Ayrıca, insanlarda, farelerde ve meyve sineklerinde beyin ve göz gelişimini kontrol ettiği bilinen bir gen (pax6) üzerinde çalışmak için CRISPR/Cas9 teknolojisi kullanılarak salyangoz embriyolarında mutasyonlar yapıldı. İki işlevsiz pax6 geni olan elma salyangozlarının göz gelişimi olmadan ortaya çıktığı gözlemlendi. Bu durum, söz konusu genin salyangozlarda göz gelişiminden de sorumlu olduğunu düşündürüyor. Bir sonraki adım, bu genin salyangozların gözlerini yenileme yeteneğinde de rol oynayıp oynamadığını ve diğer potansiyel olarak rol oynayan genleri belirlemektir.
Göz Alıcı Parlayan Sukulentler
Geçen yıl ilk genetiği değiştirilmiş parlayan bitki olan Light Bio'nun yeşil renkli "Ateşböceği Petunya"sının piyasaya sürülmesini belki de duymuşsunuzdur. Bu bitkilerin parlaklığı çok yüksek olmasa da ve genetik mühendislik pahalı olsa da, sürdürülebilir aydınlatma için kendiliğinden yanan bitkiler yaratma uzun vadeli hedefi için önemli bir adımdı. Güney Çin Tarım Üniversitesi'ndeki bilim insanları, sukulentlere ticari olarak karanlıkta parlayan ürünlerde kullanılan "artık ışık fosforu" benzeri fosforesan kimyasalları enjekte ederek daha ucuz ve yenilikçi bir yaklaşım geliştirdi. Bu çalışma, "Matter" dergisinde yayımlanan bir makalede açıklanmıştır.

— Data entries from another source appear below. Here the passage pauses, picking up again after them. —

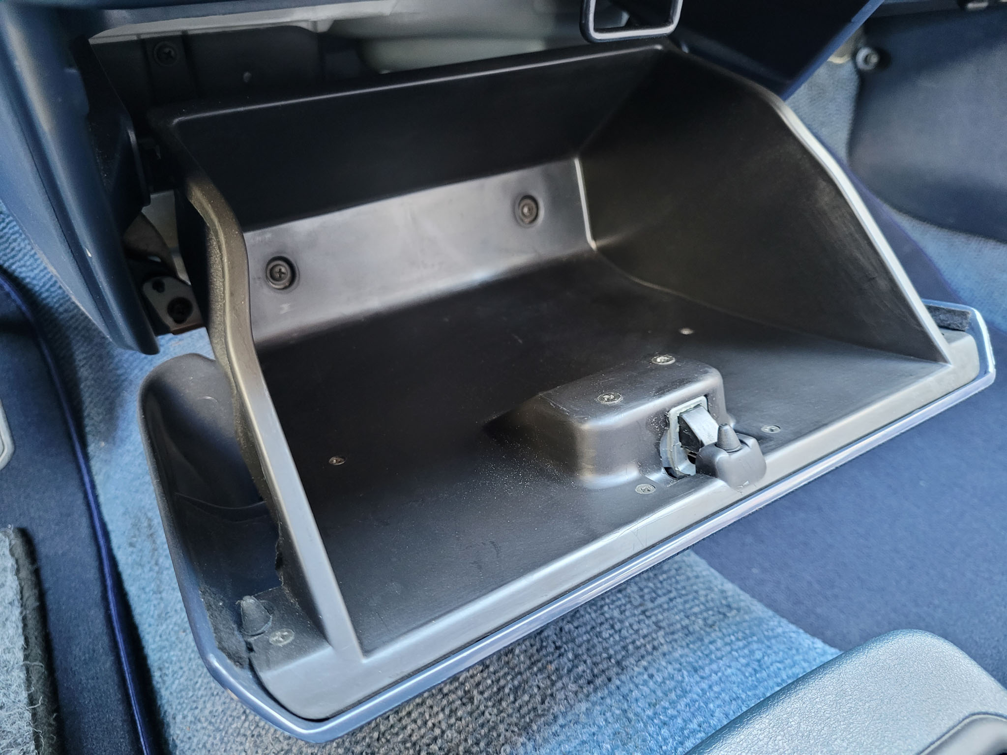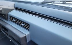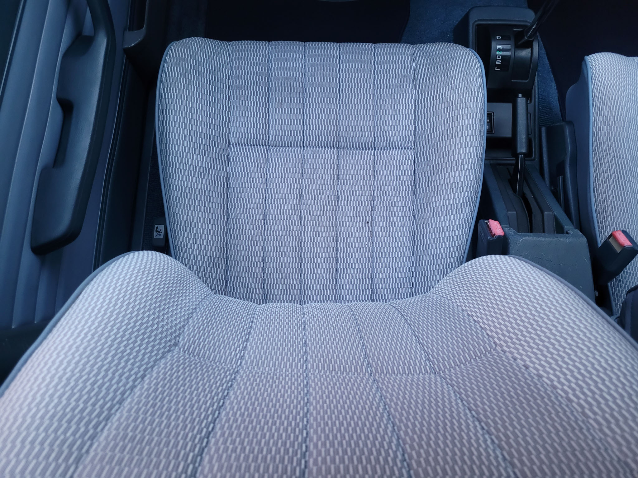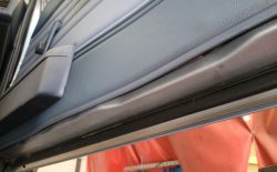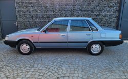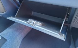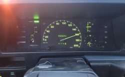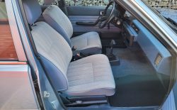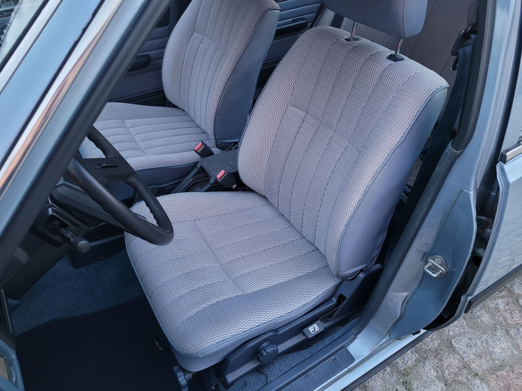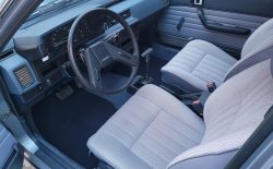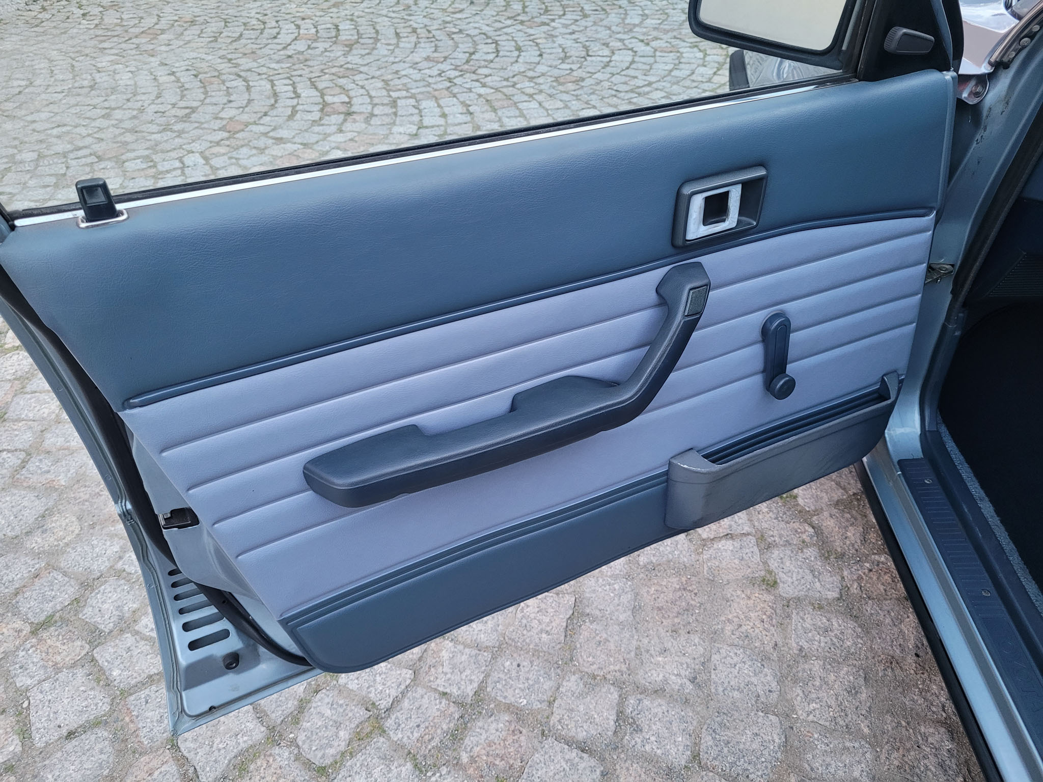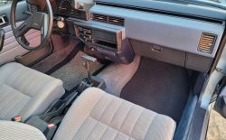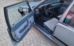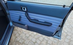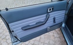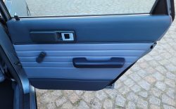 Wnętrze zachowane w bardzo dobrym stanie. Nowe dywaniki welurowe szyte na miarę. Plastiki matowe bez rys czy pęknięć. Podsufitka nie rozkleja się. Fabryczna zaślepka na radio przetrwała do dziś. Zapalniczka dziewicza. Z wad – pokrywa schowka w konsoli środkowej delikatnie się kruszy, brak osłonki podświetlenia wewnętrznego na podsufitce.
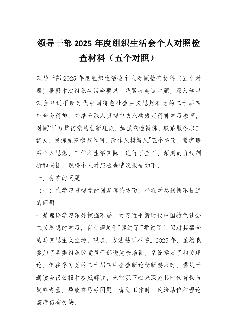 领导干部2025年度组织生活会个人对照检查材料(五个对照)
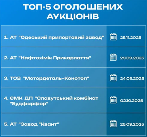 Там назвали топ-5 оголошених аукціонів, зокрема:
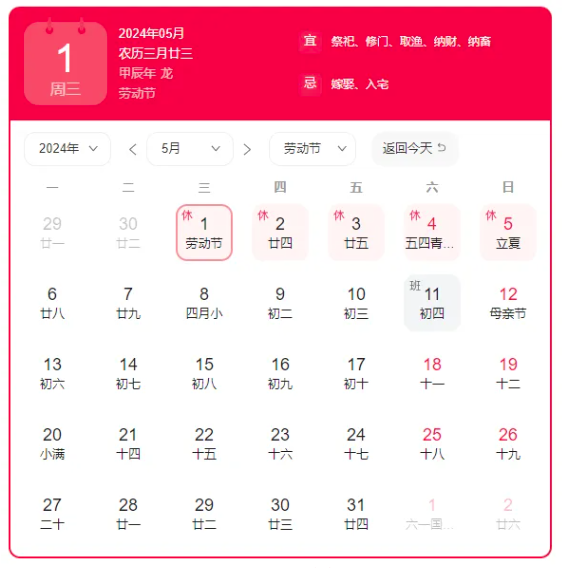 5月1日—5月5日放假,共5天
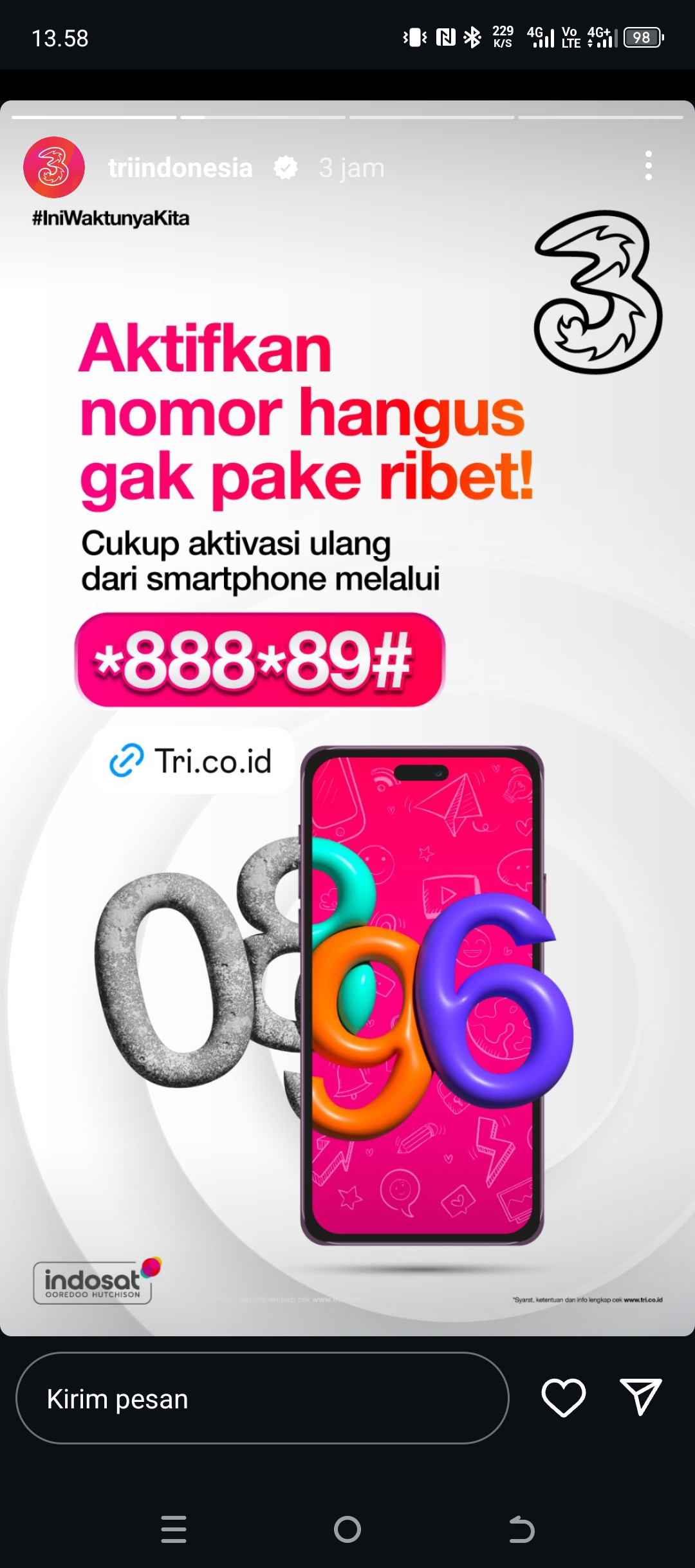 JAKARTA,FILALIN.COM, — Tri Indonesia menghadirkan solusi praktis bagi pelanggan yang ingin mengaktifkan kembali nomor hangus. Cukup dengan mengetikkan kode **888*89#** melalui smartphone, proses aktivasi ulang dapat dilakukan tanpa ribet. Langkah ini dinilai lebih efisien dibandingkan metode sebelumnya yang mengharuskan pelanggan mengunjungi gerai atau menghubungi layanan pelanggan. Dengan inovasi ini, Tri menunjukkan komitmennya dalam meningkatkan kenyamanan pengguna.
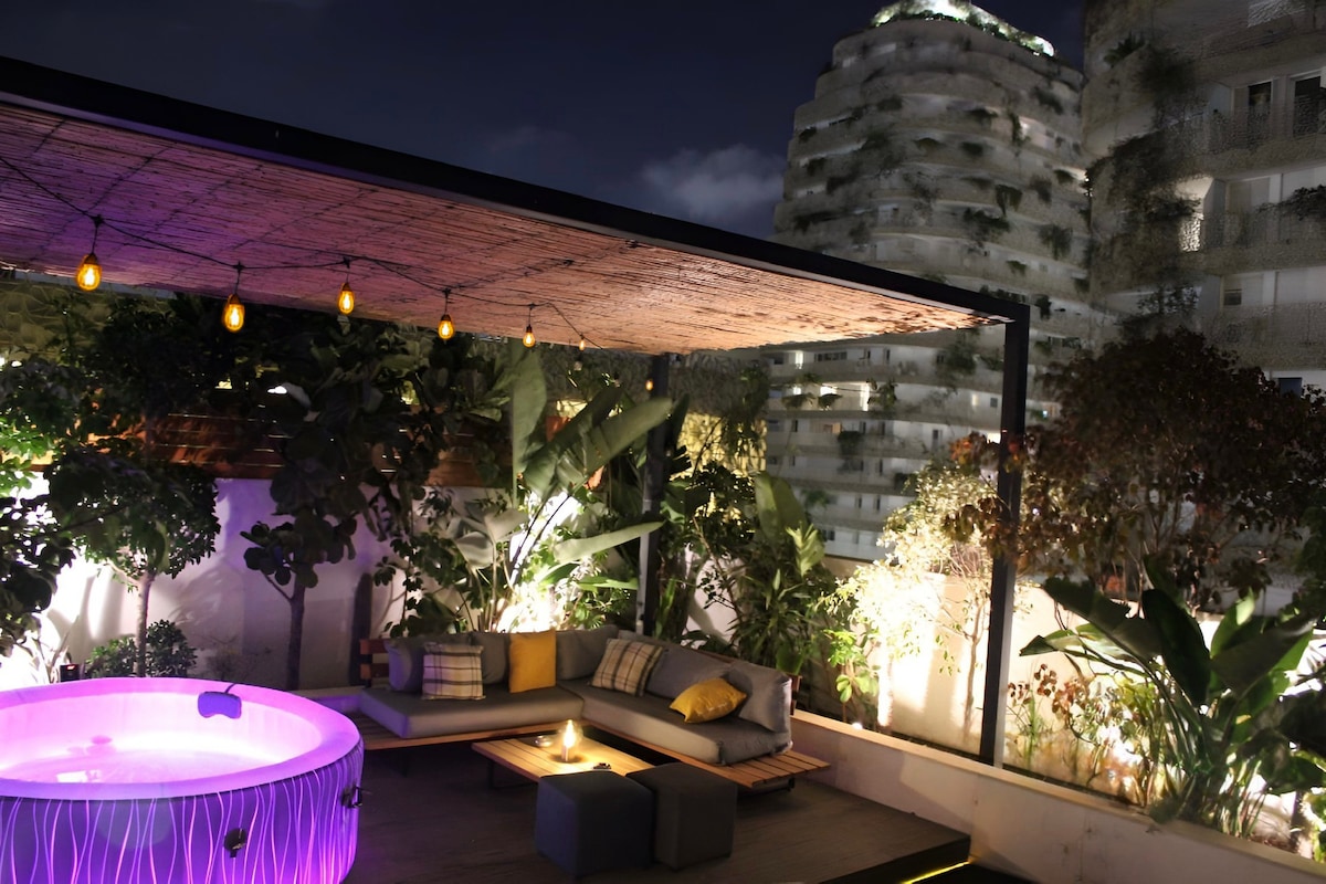 Estudio moderno con terraza privada amueblada en una residencia premium de Casablanca con ascensor y recepción las 24 horas, los 7 días de la semana. Luminoso living, TV inteligente (Netflix) y wifi de alta velocidad. Cama queen con sábanas planchadas. Cocina con anafe, horno, campana y heladera. Baño con ducha a ras de suelo. Check-in 100% autónomo, tarjeta llave en la recepción 24/7. Gimnasio en el lugar y lavandería compartida. Estacionamiento subterráneo privado con acceso al ascensor. Capacidad para 4 personas (óptimo 3). Tranvía a 1 minuto de distancia.

Yazarlar başlangıçta fosfor enjeksiyon deneyleri için sukulentleri düşünmüyorlardı, çünkü daha kalın doku bariyerlerinin fosfor parçacıklarının yüzeye yapışmasına veya köklerin etrafında kümelenmesine neden olacağını düşünüyorlardı; örneğin Çin lahanasının daha iyi bir ortam olacağını düşünüyorlardı. Ancak ilk testler, sukulent Echevedia "Mebina"nın, fosforlar mezofil hücre duvarlarına yüklendiğinde daha yüksek bir yükleme kapasitesine ve daha homojen bir parlaklığa sahip olduğunu gösterdi. İdeal parçacık boyutu yaklaşık olarak bir kırmızı kan hücresi boyutundadır. Hatta farklı parlaklık renkleri: yeşil, kırmızı veya mavi (camgöbeği) oluşturmak için fosforları değiştirebildiler.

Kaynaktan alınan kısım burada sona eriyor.